Post-translational modification (PTM) involves covalent modification after the biosynthesis process and plays an essential role in the study of cell biology. Lysine phosphoglycerylation, a newly discovered reversible type of PTM that affects glycolytic enzyme activities, and is responsible for a wide variety of diseases, such as heart failure, arthritis, and degeneration of the nervous system. Our goal is to computationally characterize potential phosphoglycerylation sites to understand the functionality and causality more accurately. In this study, a novel computational tool, referred to as predPhogly-Site, has been developed to predict phosphoglycerylation sites in the protein. It has effectively utilized the probabilistic sequence-coupling information among the nearby amino acid residues of phosphoglycerylation sites along with a variable cost adjustment for the skewed training dataset to enhance the prediction characteristics. It has achieved around 99% accuracy with more than 0.96 MCC and 0.97 AUC in both 10-fold cross-validation and independent test. Even, the standard deviation in 10-fold cross-validation is almost negligible. This performance indicates that predPhogly-Site remarkably outperformed the existing prediction tools and can be used as a promising predictor, preferably with its web interface at http://103.99.176.239/predPhogly-Site.

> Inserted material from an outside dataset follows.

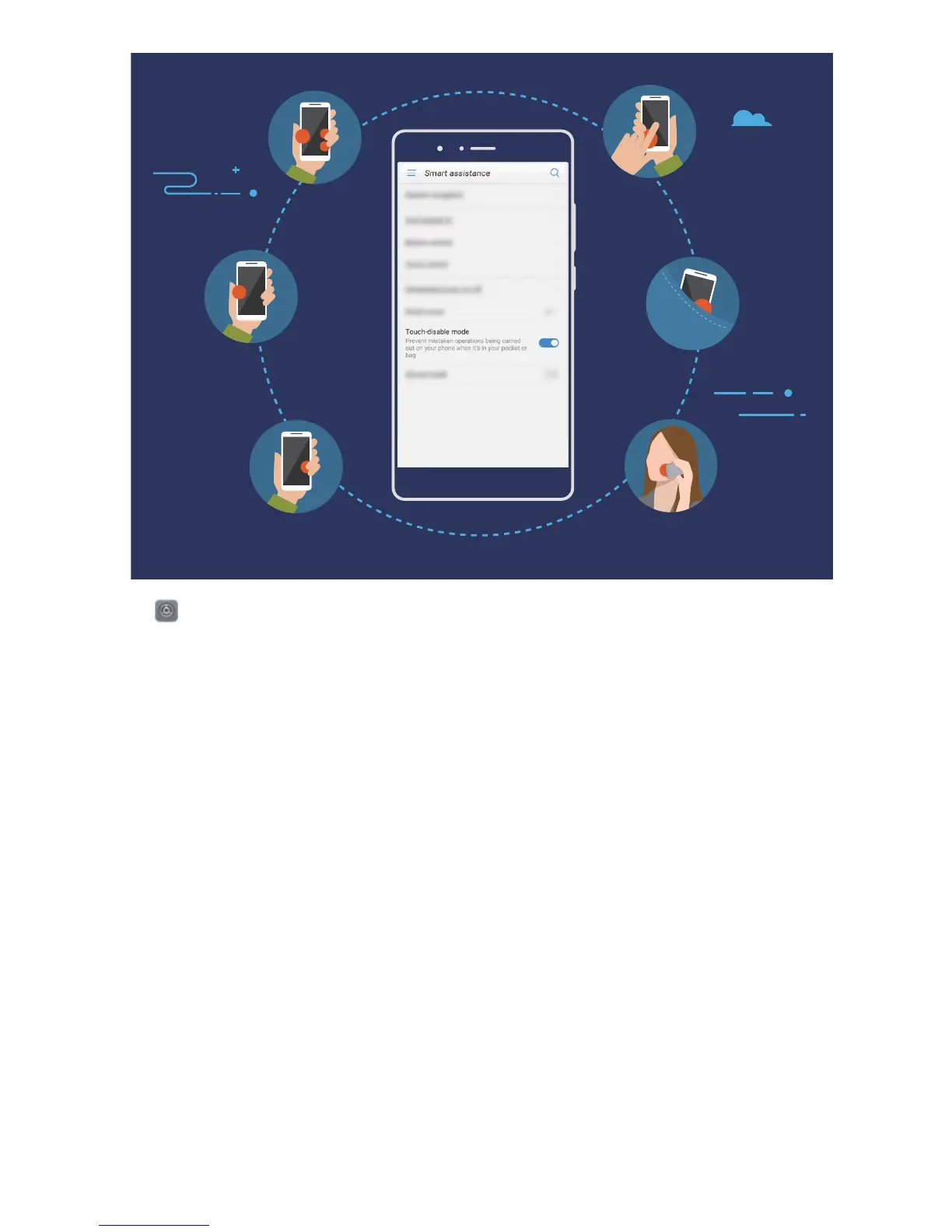 Open Settings, touch Smart assistance, and then enable or disable Touch-disable mode.

This repository contains the predictive decision-making workflow of predPhogly-Site.
Contains the benchmark dataset and the source code of the 10 times 10-fold cross-validation. The 10-iterations of 10-fold cross-validation were performed according to the following steps:
Step 1: Extract the sequence-coupled features from the segmented sequences.
Step 2: Divide the extracted dataset randomly into 10 disjoint sets.
Step 3: Select 1 set as test set and utilize the remaining 9 sets as training set.
Step 4: Train the RBF kernel based SVM predictor with the training set using the optimal hyperparameters (C, gamma) of the respective iteration.
Step 5: Perform prediction on the test set.
Step 6: Repeat steps 2 to 5 until all 10 sets had been used for testing.
Step 7: Merge the prediction outputs and measure the performance.
Step 8: Repeat steps 1 to 7 for 10 times.
Step 9: Measure the average performance of 10 repetitions with corresponding standard deviations.
Contains the independent test dataset and the predicted and test labels with corresponding prediction performances of the respective predictors.